2. The vertebral shaping tool system according to claim 1, characterized in that: The double ball handle (12) has a clearance hole (121) and the needle core (2) passes through the clearance hole (121).
3. The vertebral body shaping tool system according to claim 1, characterized in that: The double ball handle (42) has a clearance hole (421) and the reamer (5) passes through the clearance hole (421).
4. The vertebral shaping tool system according to claim 3, characterized in that: The reamer (5) includes a guide rod (51) and a double ball handle (52). The double ball handle (52) is fixedly installed on the top of the guide rod (51). The bottom end of the guide rod (51) passes through the clearance hole (421) and extends into the sleeve (41).
5. The vertebral shaping tool system according to claim 4, characterized in that: A bevel gear is fixedly installed on the guide rod (51), and the bevel gear is integrally formed with the guide rod (51).

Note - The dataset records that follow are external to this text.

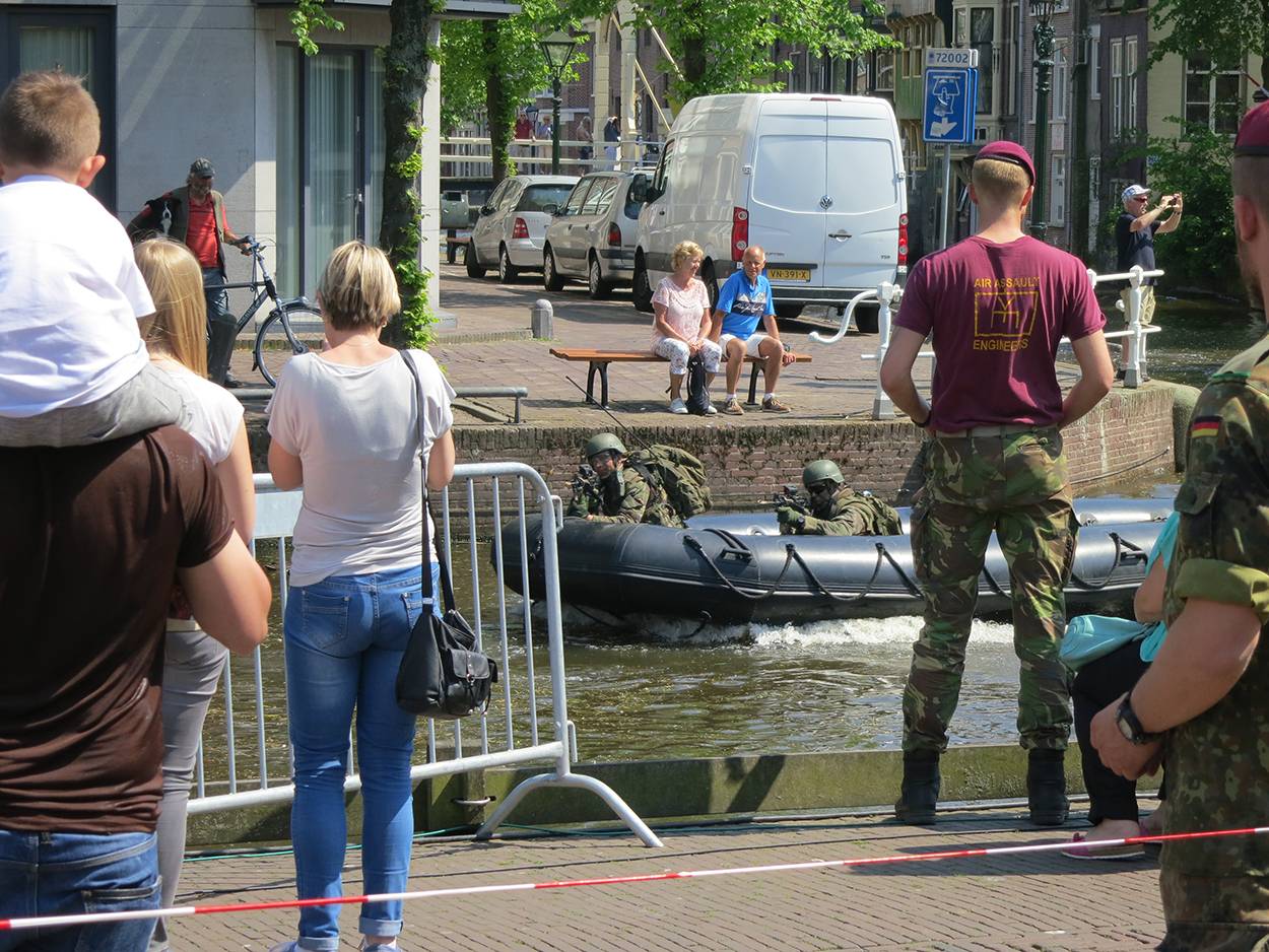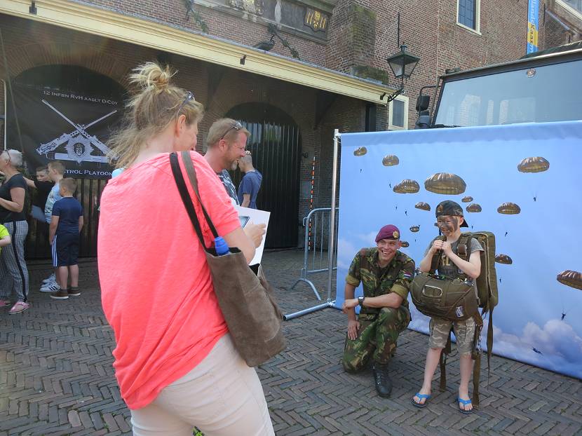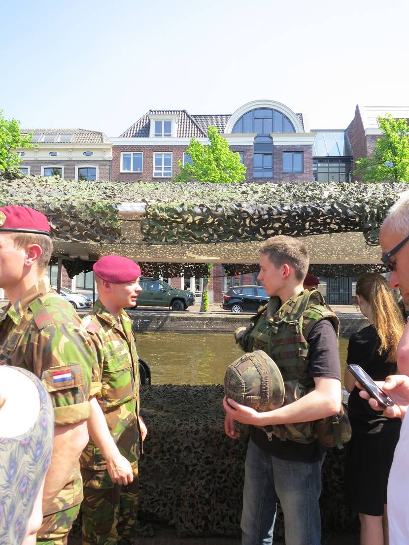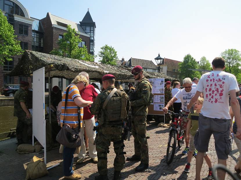 Naast kramen vol met wapens en uitrusting en informatie over de opleiding, missies en oefeningen stond een veldhospitaal en militaire voertuigen. Er waren eveneens demonstraties en liefhebbers konden mee in een stoere boot voor een tocht over het water. En wie naar boven keek zag zo af en toe zelfs een (goedaardige) sniper op het dak. Met op de achtergrond de top van de kerktoren met daarop de tekst; ‘Vive memor leti fugit hora’. Dat zoveel betekent als ‘Het leven op aarde is kort, dus accepteer de dood’. Een spreuk die misschien wel meer op onze dappere militairen slaat dan wat dan ook.
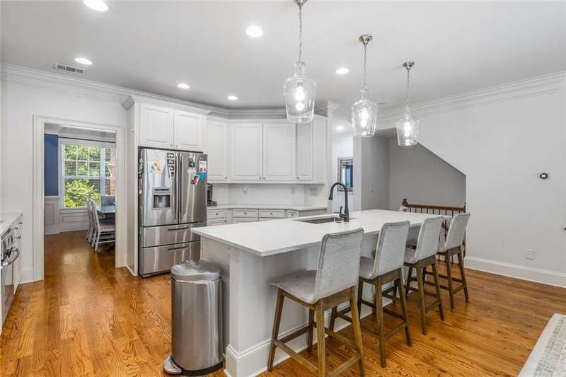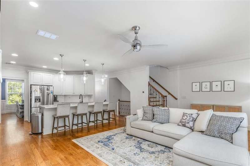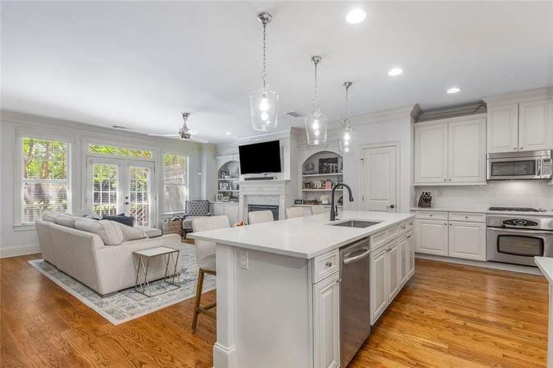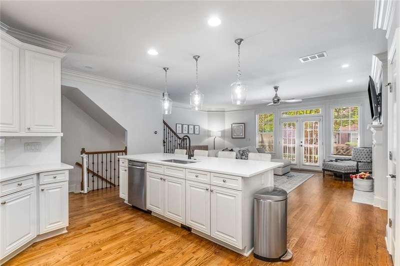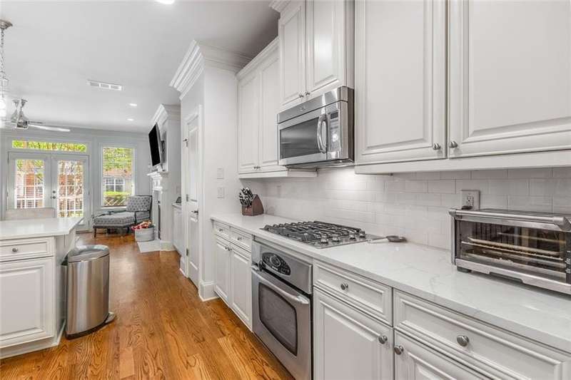 If you've been looking for an updated townhome in one of Brookhaven's best locations, your search ends here! Welcome home to 1524 Donaldson Park Drive, a beautifully reimagined home in a 24-unit community just steps from everything Brookhaven has to offer. This home features 3 bedrooms, 2 full and 2 half baths, and a spacious open floor plan. Welcoming hardwoods invite you in and flow throughout the main level, which features a large separate dining room, powder room, and large and airy main living space. The living room boasts a gas fireplace with stunning designer tile surround, built-in bookshelves, and access to the cozy back deck. The remodeled kitchen features a large island with room for seating, quartz countertops, white cabinets, and a suite of stainless steel appliances. Upstairs you'll find an oversized primary suite with walk-in closet and en suite bathroom with separate tub and shower and double vanities, plus two additional guest bedrooms and a second full bath. The fully finished terrace level features a large den with wood-look tile floor, an additional half bath, and access to the two car garage. Just steps from Blackburn Park and it's 50 acres of trails, sports fields, tennis courts, and playground, plus walking distance to restaurants and retail!
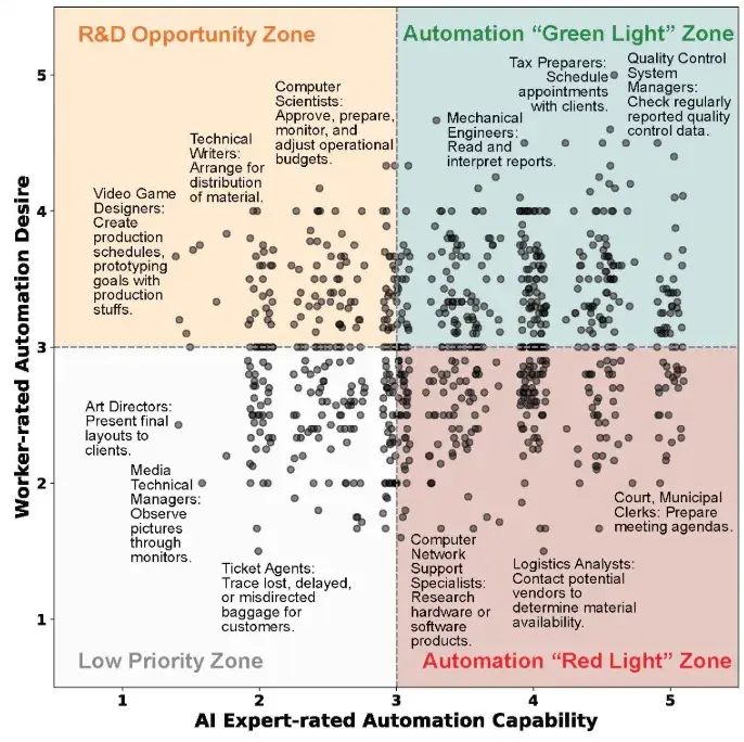 그런데 사람들이 AI에게 가장 맡기고 싶어하는 핵심 태스크들 중에는, 아직까지 AI가 잘하지 못하는 업무도 존재합니다. 연구팀은 이를 추후 R&D가 필요한 기회지대로 분류했는데요.

6. The vertebral shaping tool system according to claim 1, characterized in that: The inner diameter of the needle bar (11) is smaller than the inner diameter of the sleeve (41), and the diameter of the guide needle (3) is smaller than the inner diameter of the needle bar (11).
7. The vertebral shaping tool system according to claim 4, characterized in that: The double-ball handle one (12), double-ball handle two (42) and double-ball handle three (52) have the same shape. The double-ball handle one (12) and double-ball handle two (42) have the same volume. The volume of double-ball handle three (52) is smaller than that of double-ball handle two (42).
8. The vertebral shaping tool system according to claim 1, characterized in that: The first (12), the second (42), and the third (52) of the double ball handles each include a handle base, a large ball, and a small ball. The large ball and the small ball are fixedly installed on the handle base, and the handle base, the large ball, and the small ball are integrally formed.